What to work on - Write out the lines of the material below exactly, beginning at the line with "катания туристов. |" and stopping after the line with "期間中に「山下本気うどん 池", and leave out the pictures.
(Beginning of Record set)
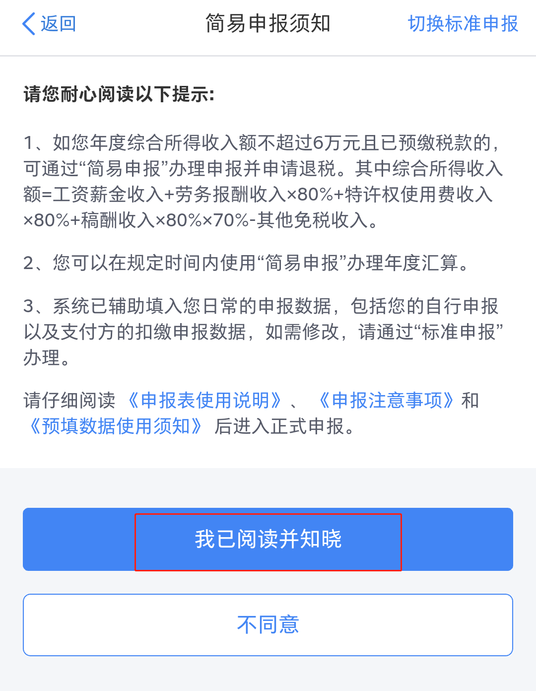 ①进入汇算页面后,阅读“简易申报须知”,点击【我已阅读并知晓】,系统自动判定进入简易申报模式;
(End of Record set)
(Beginning of Record set)
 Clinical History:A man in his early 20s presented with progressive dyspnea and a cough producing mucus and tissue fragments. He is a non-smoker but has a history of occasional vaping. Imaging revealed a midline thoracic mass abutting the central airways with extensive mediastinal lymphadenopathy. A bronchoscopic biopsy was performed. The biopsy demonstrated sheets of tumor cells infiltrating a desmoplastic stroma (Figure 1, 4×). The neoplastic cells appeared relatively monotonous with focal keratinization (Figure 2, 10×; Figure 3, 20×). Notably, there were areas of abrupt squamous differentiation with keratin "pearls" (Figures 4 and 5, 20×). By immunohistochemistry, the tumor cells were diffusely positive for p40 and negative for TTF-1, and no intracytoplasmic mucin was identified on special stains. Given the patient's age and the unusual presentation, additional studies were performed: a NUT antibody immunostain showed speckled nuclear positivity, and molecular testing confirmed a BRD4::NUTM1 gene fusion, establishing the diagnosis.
(End of Record set)
(Beginning of Record set)
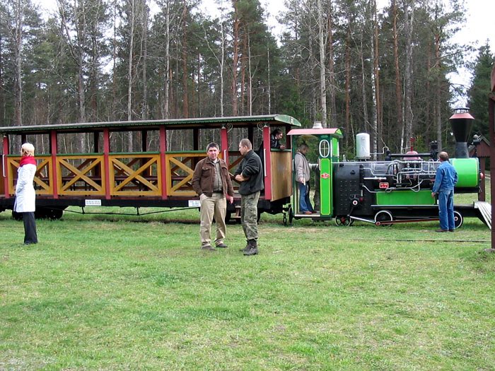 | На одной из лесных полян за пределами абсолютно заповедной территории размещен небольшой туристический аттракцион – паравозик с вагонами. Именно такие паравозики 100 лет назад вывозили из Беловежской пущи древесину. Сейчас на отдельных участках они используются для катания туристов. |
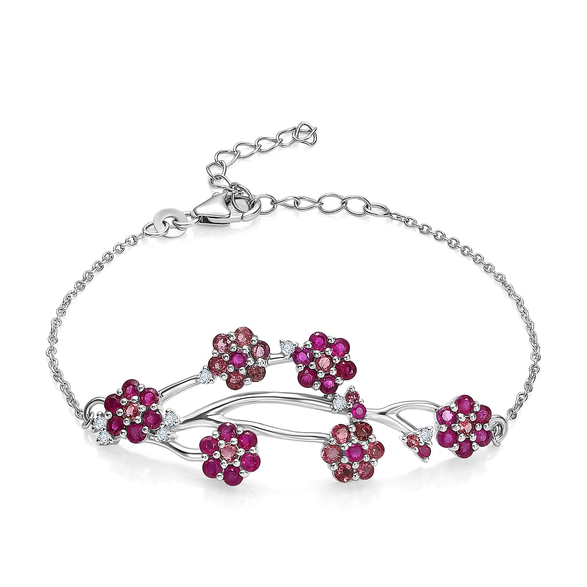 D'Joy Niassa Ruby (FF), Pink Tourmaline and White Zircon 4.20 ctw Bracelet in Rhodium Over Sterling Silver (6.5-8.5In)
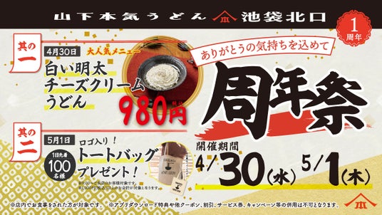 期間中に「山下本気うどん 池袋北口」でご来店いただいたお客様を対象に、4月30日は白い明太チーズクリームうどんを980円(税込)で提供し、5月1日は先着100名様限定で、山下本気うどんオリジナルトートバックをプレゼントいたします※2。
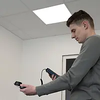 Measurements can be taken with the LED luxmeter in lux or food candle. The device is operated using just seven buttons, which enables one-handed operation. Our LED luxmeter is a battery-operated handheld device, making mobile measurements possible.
(End of Record set)
Problem solution -
 | На одной из лесных полян за пределами абсолютно заповедной территории размещен небольшой туристический аттракцион – паравозик с вагонами. Именно такие паравозики 100 лет назад вывозили из Беловежской пущи древесину. Сейчас на отдельных участках они используются для катания туристов. |
 D'Joy Niassa Ruby (FF), Pink Tourmaline and White Zircon 4.20 ctw Bracelet in Rhodium Over Sterling Silver (6.5-8.5In)
 期間中に「山下本気うどん 池袋北口」でご来店いただいたお客様を対象に、4月30日は白い明太チーズクリームうどんを980円(税込)で提供し、5月1日は先着100名様限定で、山下本気うどんオリジナルトートバックをプレゼントいたします※2。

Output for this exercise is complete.